Спрашиваю о том, будет ли возобновлена опера «Братья Карамазовы»11, премьера которой состоялась в 1985 году в Камерном музыкальном театре. Говорит кратко, как об отболевшем: «Пока никак. Перспективы не ясны. Дело в том, что по семейным обстоя­тель­ствам выбыли две исполнительницы оперы. Покровский считает, что замены делать нельзя, так как будет совсем другой спектакль».

Важной показалась композитору мысль Покровского о принципиальном значении постановки оперы «Братья Карамазовы» для Камерного музыкального театра.

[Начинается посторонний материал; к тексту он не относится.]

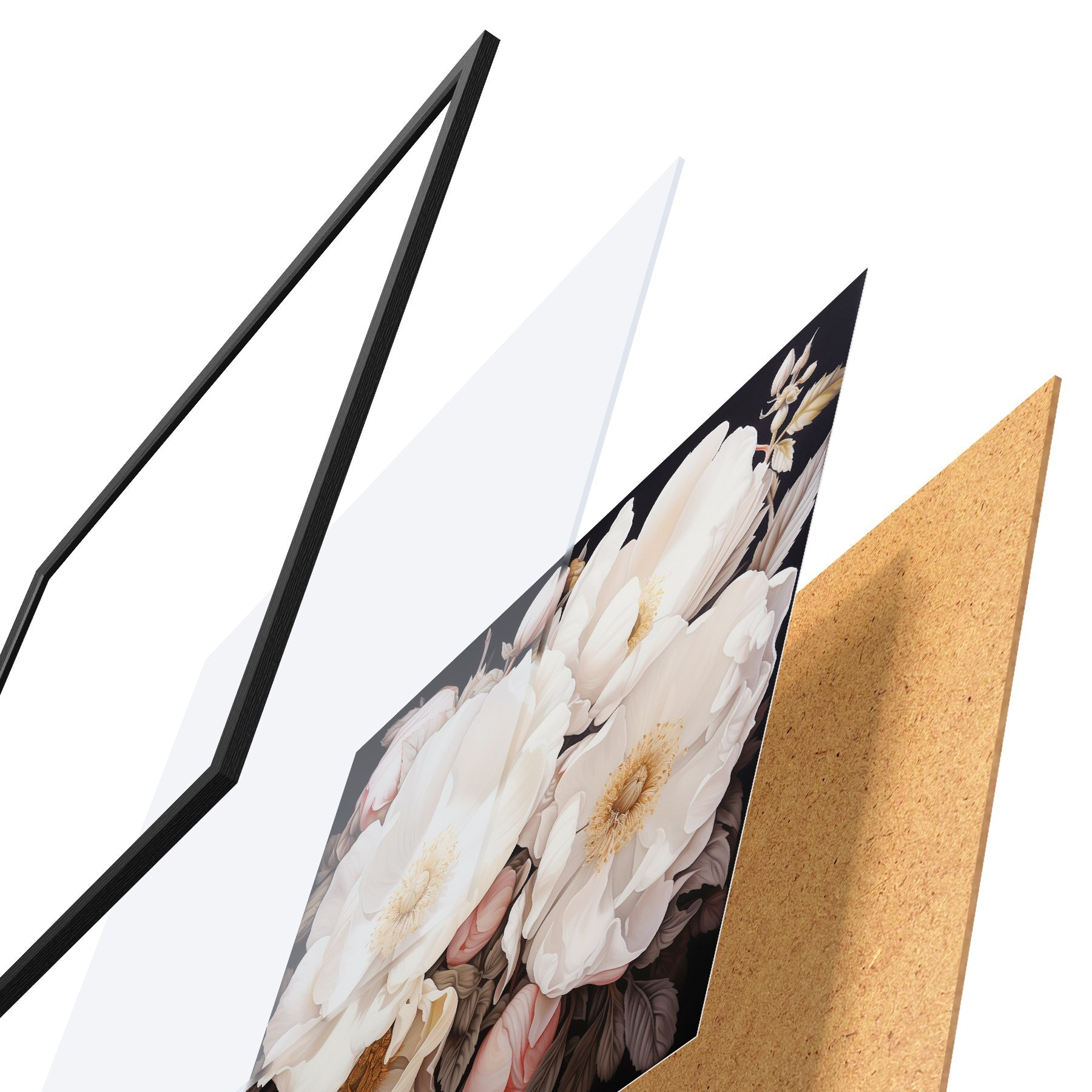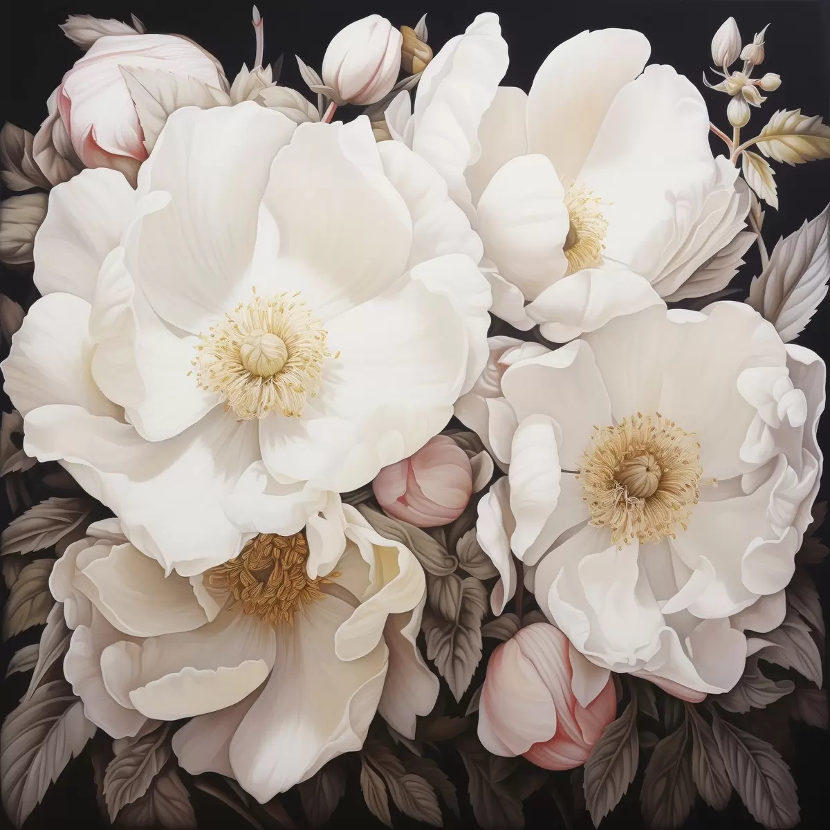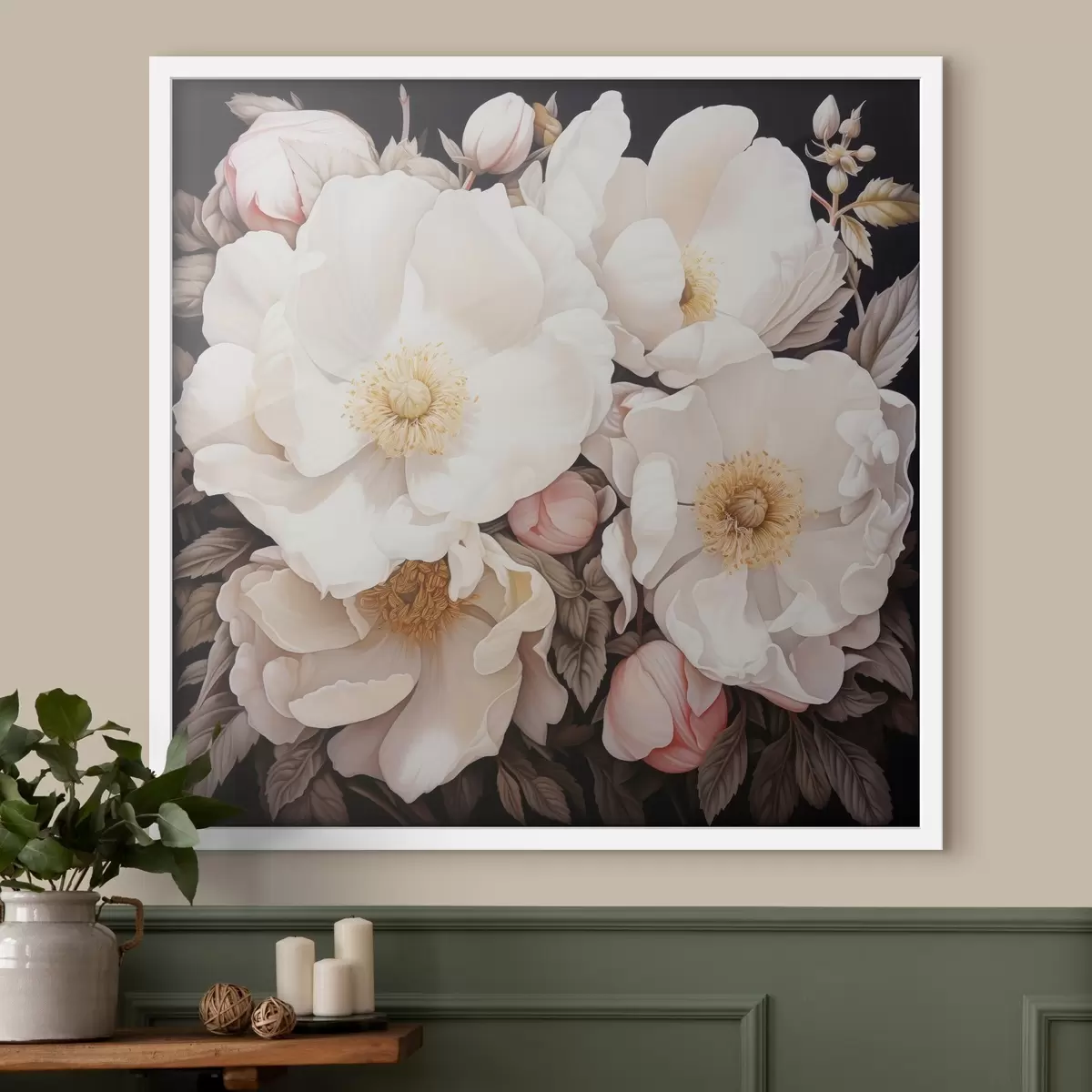 Poster Witte pioen bloemen op een donkere achtergrond in acryl schilderij stijl Nr f43379
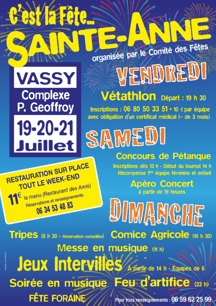 Le Comité des Fêtes de Vassy organise la traditionnelle fête Sainte Anne qui débutera le samedi 20 juillet 2019.
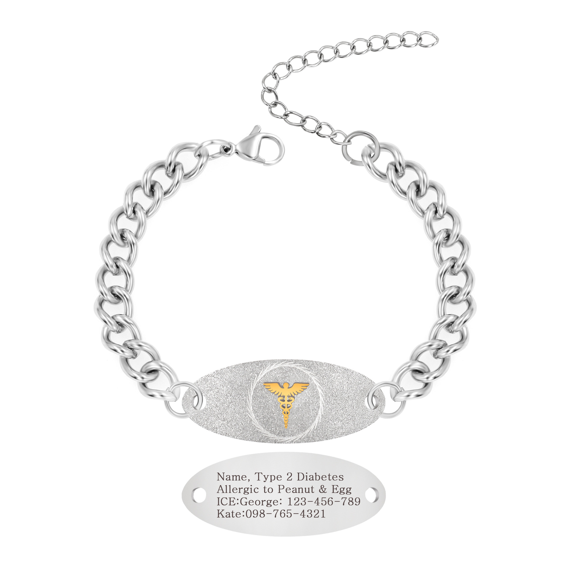 • High-Capacity Engravable Tag: The bracelet includes a large, flat tag specifically designed for deep laser engraving. This provides ample space for all crucial details, such as your name, primary medical condition(s), emergency contact number, and critical medications. The engraving is deep and filled for maximum clarity and permanence.
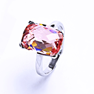 Stříbrný prsten s krystalem Swarovski barvy Light rosel.Velikost krystalu - 14x10 mm.Tyto šperky jsou s povrchovou úpravou - čisté Rhodium, která nezpůsobuje žádné alergie.K prstenu nabízíme i náušnice nebo přívěsek do soupravy.
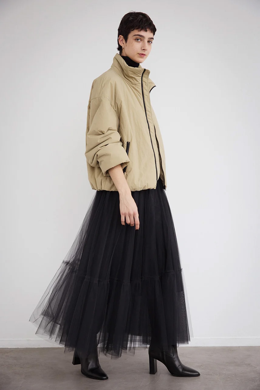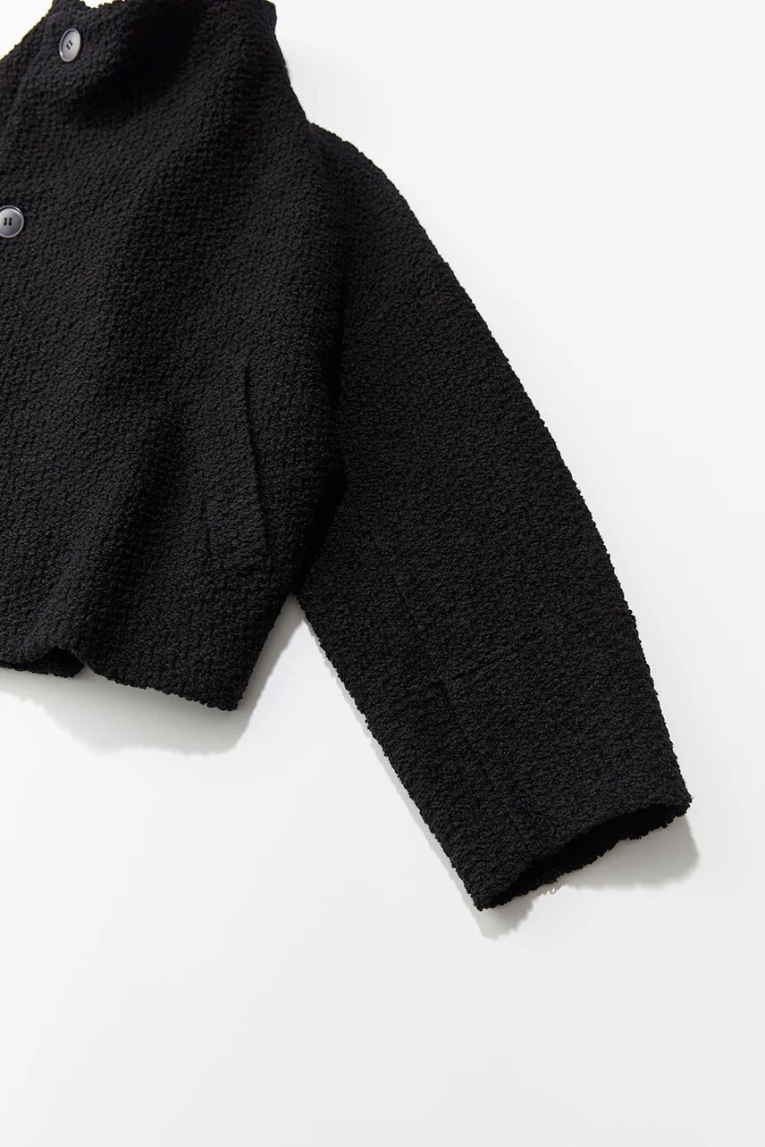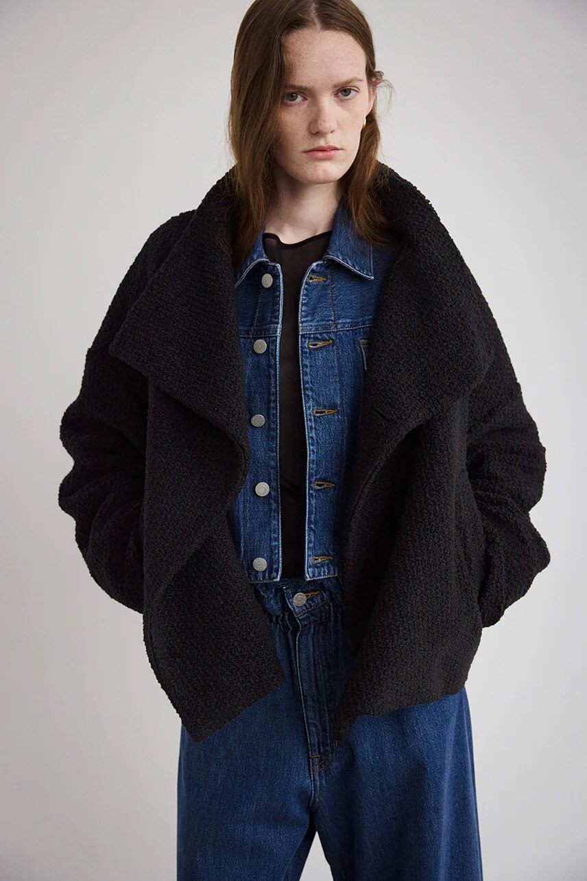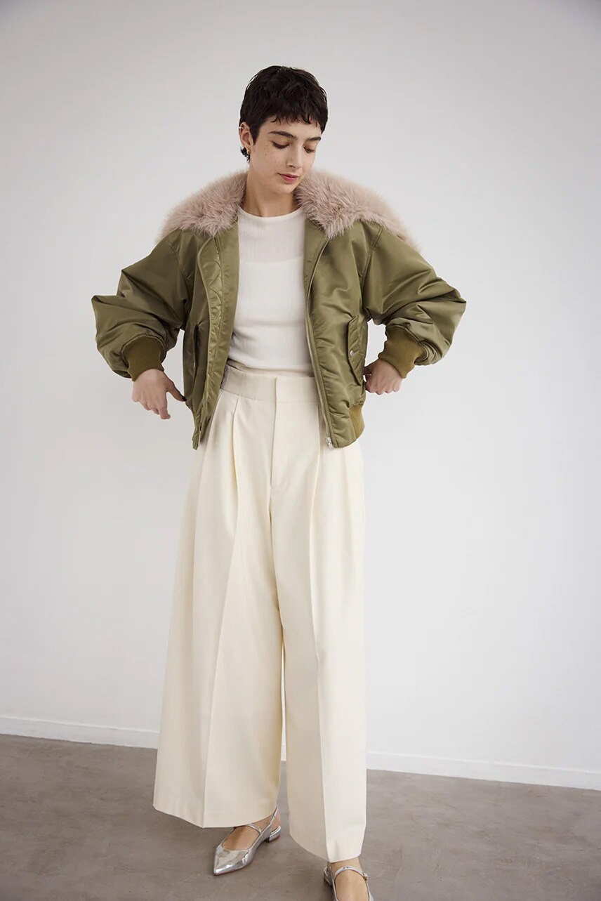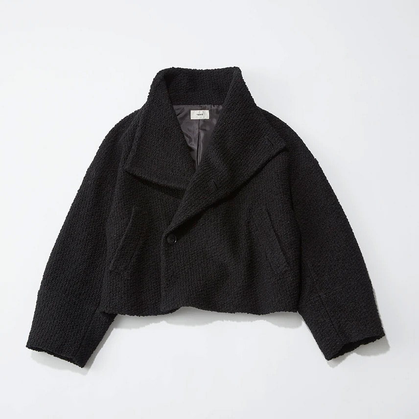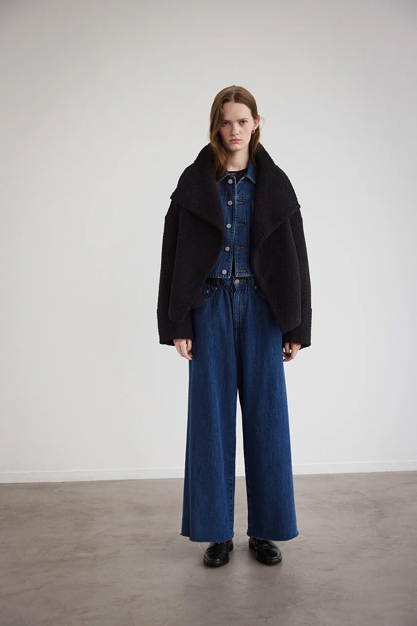 幅のあるアームとゆったりとした身頃、コンパクトな丈感のバランスが絶妙。さらりと羽織るだけでムードのある着こなしが完成するように、ディテールを工夫しています。

«Разговаривал насчет записи, — продолжает композитор. — И здесь плохи дела. Радио перешло на хозрасчет. Записей никаких делать не будут, только трансляции…»

«А если обратиться в “Мелодию”»?

В ответ вздох: «В свое время Рождественский включил “Карамазовых” в план, а потом из плана изъял, когда узнал, что Пок­ровский ставит оперу. До этого было почти все готово для записи оперы “Двенадцатая серия”12, тоже с Рождественским. Но, как назло, был в отъезде Рождественский. И эта запись сорвалась».

Вместе сетуем на околотворческие дела.

Холминов: «Всегда спасаюсь в работе».

Опять возвращаемся к Камерному му­зыкаль­ному театру.

Холминов замечает, что «Ванька»13 «разболтался», так как «выросли дети, игравшие детей. Что-то не ладится с новой порослью. Непрактично написал оперу. А “Карамазовы”? Ведь это два с половиной часа чистой музыки! Какая уж тут запись».

Вскользь — о трудном положении Пок­ровского: «Там разные подводные течения», «тормоза сильнейшие», «давят», «ищут поводы и пользуются ими». Имен не называет.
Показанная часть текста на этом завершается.